Restaurants
Ding Dong Pastries & Cafe
The Ding Dong bun house is a narrow, pleasant Chinatown shop. The walls are lined with tanned and golden buns, reclining under steam-clouded domes, weirdly reminiscent of Brigitte Bardot in a soft-focus lens.

Before we go on, let me be the first to admit that yes, the grubby labels on the display cases look vile. But please do note that they're on the outsides of the cases. The staff here is pretty solid on their hygiene- I saw a customer drop a bun on the floor, and when an employee tossed it in the trash, she used waxed paper to touch it, so she wouldn't get her food-handling gloves dirty. I think you can rest assured that your interior cleanliness is safe here.
So grab a golden tray and a little pair of tongs to browse the shop, piling individual buns and tarts on your tray; the lady at the cash will bag or box them, as you prefer, on your way out. The food is surprisingly inexpensive: I got the six buns on this tray for a trifling $3.80:

Ding Dong's Chicken Bun ($0.60, the one with the swirl on top), is a light, slightly sweet dough filled with a small amount of chicken and frozen vegetables- not ambrosia, but good enough for a breakfast on the run. The Ham and Cheese Bun (the deeply-bronzed little fellow on the far right, also $0.60) is salty, greasy, and delicious.

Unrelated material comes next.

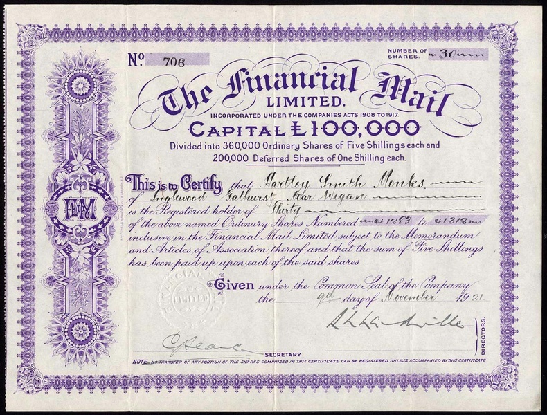 Financial Mail Ltd., 5 shilling ordinary shares, 19(21), signed by Alexis Mandeville as director, ornate border, mauve. The company issued a financial newspaper, pushing shares in which the Mandeville brothers, Alexis, Henry and Walter had an interest. The shares were sold through their Financial Mail and Exchange company in which the public were duped into investing. They all speculated wildly and at the time of this scandal they were all undischarged bankrupts living a life of luxury. It was one of Scotland Yard's highest profile cases of fraud for which they were all sentenced to 6 years in prison. Very fine and rare.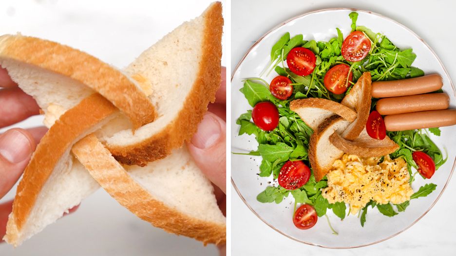 Tym razem główną rolę w śniadaniu zagra nie sałatka, jajecznica czy parówki, a chleb tostowy. Wszystko dzięki nietypowej formie podania. Zawinęłam dwie kromki w kształt przypominający gwiazdkę. Nie wymaga to specjalnych umiejętności, a jednocześnie potrafi odmienić wygląd całego talerza. Nietypowe kształty i różnorodne formy podania to mój sprawdzony patent na to, aby do jedzenia namówić również niejadki. W końcu jemy również oczami, więc nawet prosta potrawa podana w efektowny sposób może zrobić duże wrażenie i przy tym jeszcze bardziej kusić do zjedzenia. Polecam przetestować ten patent, bo chlebowe gwiazdki są proste w przygotowaniu, a staną się przy tym piękną ozdobą śniadaniowego talerza.

The white-flour Steamed Pork Buns (again, $0.60), known in dim sum circles as bao, are mild, dense, chewy white flour dough pillowed around minced pork with scallions, ginger, and garlic.

The best bun of all is the evocatively-named Milk Jam Bun, yet another treat priced at a mere $0.60. It's sweet wheat bread filled with a tasty, creamy vanilla custard: Chinatown's version of the Boston Creme donut. As Mike Myers might say, once you try this treat, you'll crave it fortnightly. (Wow, that is a quote from an old movie. Please comment in kind if you get that embarassingly archaic reference; don't leave me hanging here.)

Also on hand are Koh Fan Banana Rolls - smooth, soft, chewy chunks of glutinous rice dough, subtly flavoured with fake banana essence and a thin stripe of red bean paste. They're perhaps a bit of an acquired taste- similar to Korean duk- but there's something about that bubblegummy, chewy, glutinous rice texture that I have dreams about. Seriously. Am I saying too much? Maybe. Anyway, at $2 for 6 chewy bites, you should definitely give these a try.
There's space for a few people to sit and nosh in the small cafe area; but where the Ding Dong really excels is in its ability to stock your fridge with a whole week's worth of quickie breakfasts and snacks for under $5. So don't be a ding dong, eat some Ding Dong. Yeah, I'm done.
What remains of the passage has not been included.